Imaging acquisition parameters

A default commercially available AI-driven image enhancement software, SubtleMR Version 2.4 (Subtle Medical, with FDA 510(K) clearance under K223623), was utilized on DANTE-CAIPI-SPACE sequences to enhance image quality. This software leverages an unrolled deep convolutional neural network trained on a vast data set of low- and high-quality image pairs from multiple manufacturers, institutions, and magnetic field strengths. Following the application of this AI-based algorithm, a new set of images with the same nominal resolution as the DANTE-CAIPI-SPACE sequence was produced.

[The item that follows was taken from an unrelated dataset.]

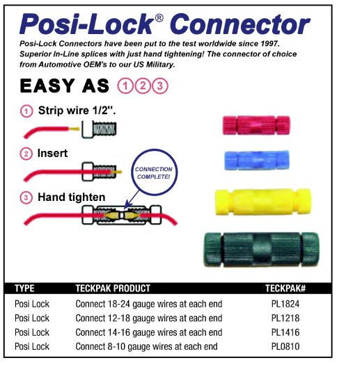 POSI-LOCK Connector 14-16 Gauge Wire 10 Connectors per package Strip, thread, and tighten. Secure wire connections are just that easy when you use our Posi-Lock connectors. There's no crimping involved--just strip the wire, thread it through one end of the connector, and hand tighten the other end. The whole process takes just seconds, but the connection lasts darn near forever. These connectors won't pull apart, vibrate loose, or melt down in temperatures up to 482 degrees F. They're stronger than crimping, weather and chemical resistant, and completely reusable.

Qualitative Image Analysis

A senior board-certified neuroradiologist (M.M.-B.) and a second rater (G.C.) with 19 and 13 years of neurovascular imaging review experience, respectively, independently evaluated the cases. Both raters were blinded to patient and sequence information. For each case, the sequence descriptions and labels were removed, and the SPACE, DANTE-CAIPI-SPACE, and DANTE-CAIPI-SPACE+DL were reviewed in parallel by using RadiAnt DICOM viewer (Medixant) with ratings performed for each acquisition. The rating scales used in this study were those used in a prior study.19 The reviewers rated overall image quality, qualitative SNR, arterial blood suppression, venous blood suppression, and lesion assessment by using a 4-point Likert scale. The presence and impact of artifacts were rated on a 5-point scale modified from a previously developed scale.22 The image review score details are listed in Table 2.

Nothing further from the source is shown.